Respiratory infection with rhinovirus interferes with the induction of tolerance to aeroallergens (P6007)

Abstract

Abstract Respiratory viral infections can influence the course of asthma at different time points. Rhinovirus (RV) infections during early age associate with a higher frequency of asthma in later childhood. Because airway exposure to innocuous antigen normally engenders T cell tolerance and prevents the development of airway inflammation, we examined the effect of RV infection on airway tolerance induced by exposure to intranasal OVA. We found that simultaneous infection with RV1B, a minor serotype, that binds LDL receptors in mice, abrogated tolerance induced by exposure to OVA, suppressing the generation of antigen-specific CD4+forkhead box protein 3 (FOXP3)+ regulatory T (Treg) cells while at the same time promoting IL-4-secreting effector CD4+ T cells.
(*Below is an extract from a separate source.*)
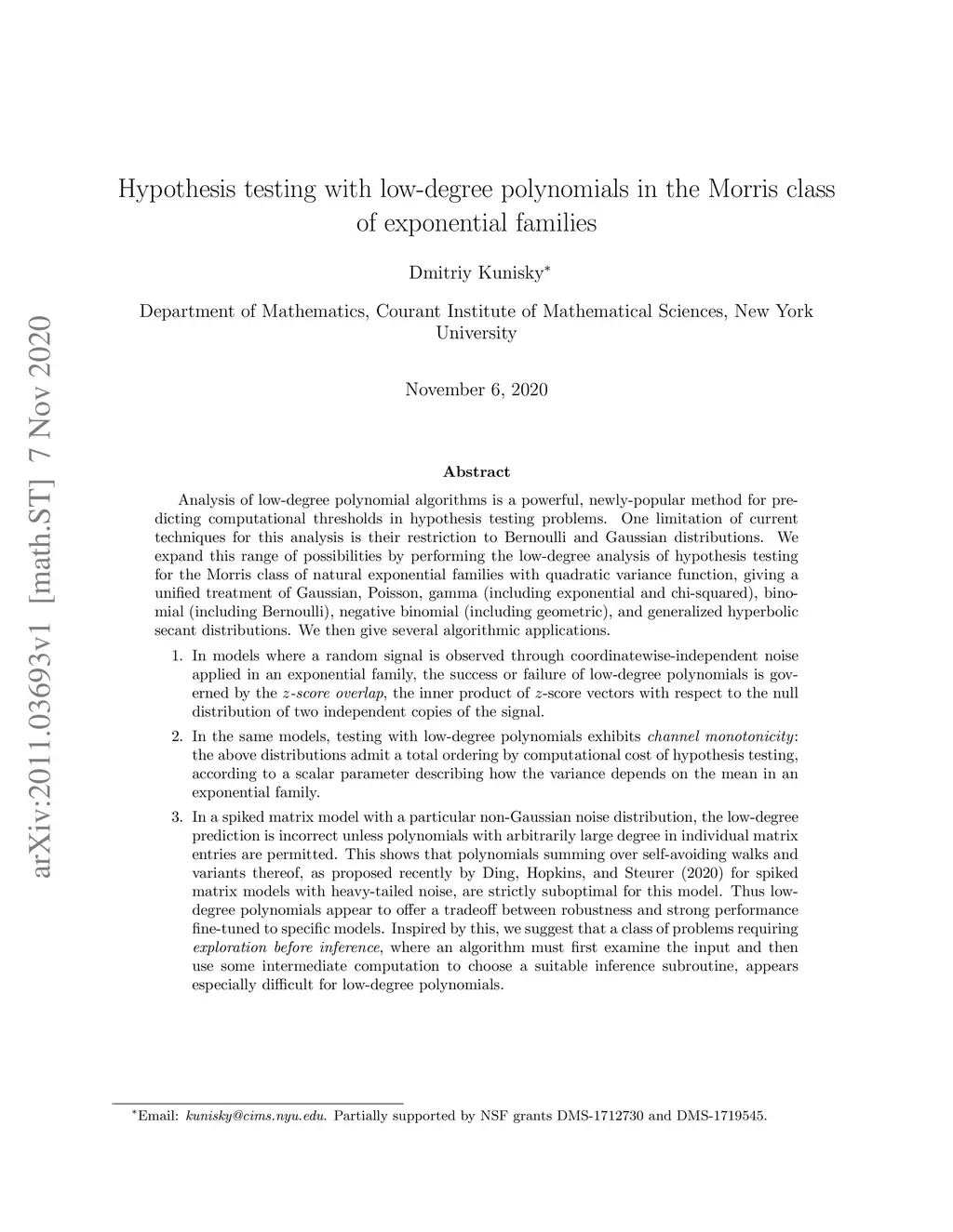 Analysis of low-degree polynomial algorithms is a powerful, newly-popular method for predicting computational thresholds in hypothesis testing problems. One limitation of current techniques for this analysis is their restriction to Bernoulli and Gaussian distributions. We expand this range of possibilities by performing the low-degree analysis of hypothesis testing for the Morris class of exponential families, giving a unified treatment of Gaussian, Poisson, gamma, binomial, negative binomial, and generalized hyperbolic secant distributions. We then give several algorithmic applications. 1. In models where a random signal is observed through an exponential family, the success or failure of low-degree polynomials is governed by the -score overlap, the inner product of -score vectors with respect to the null distribution of two independent copies of the signal. 2. In the same models, testing with low-degree polynomials exhibits channel monotonicity: the above distributions admit a total ordering by computational cost of hypothesis testing, according to a scalar parameter describing how the variance depends on the mean in an exponential family. 3. In a spiked matrix model with a particular non-Gaussian noise distribution, the low-degree prediction is incorrect unless polynomials with arbitrarily large degree in individual matrix entries are permitted. This shows that polynomials summing over self-avoiding walks and variants thereof, as proposed recently by Ding, Hopkins, and Steurer (2020) for spiked matrix models with heavy-tailed noise, are suboptimal for this model. Thus low-degree polynomials appear to offer a tradeoff between robustness and strong performance fine-tuned to specific models, and may struggle with problems requiring an algorithm to first examine the input and then use some intermediate computation to choose from one of several inference subroutines.

Rhinovirus infection in-vivo resulted in selective lung expression of the innate cytokines thymic stromal lymphopoietin (TSLP) and IL-33, and the T cell costimulatory TNF family molecule OX40L that is regulated by TSLP. Furthermore, RV infection subsequently resulted in full susceptibility to develop asthmatic disease, which was blocked by targeting TSLPR, IL-33R, or OX40L. These results suggest that RV infection of the respiratory tract can prevent the induction of tolerance to inhaled antigen through a mechanism involving TSLP, IL-33 and OX40L that results in susceptibility to developing acute allergic lung inflammation.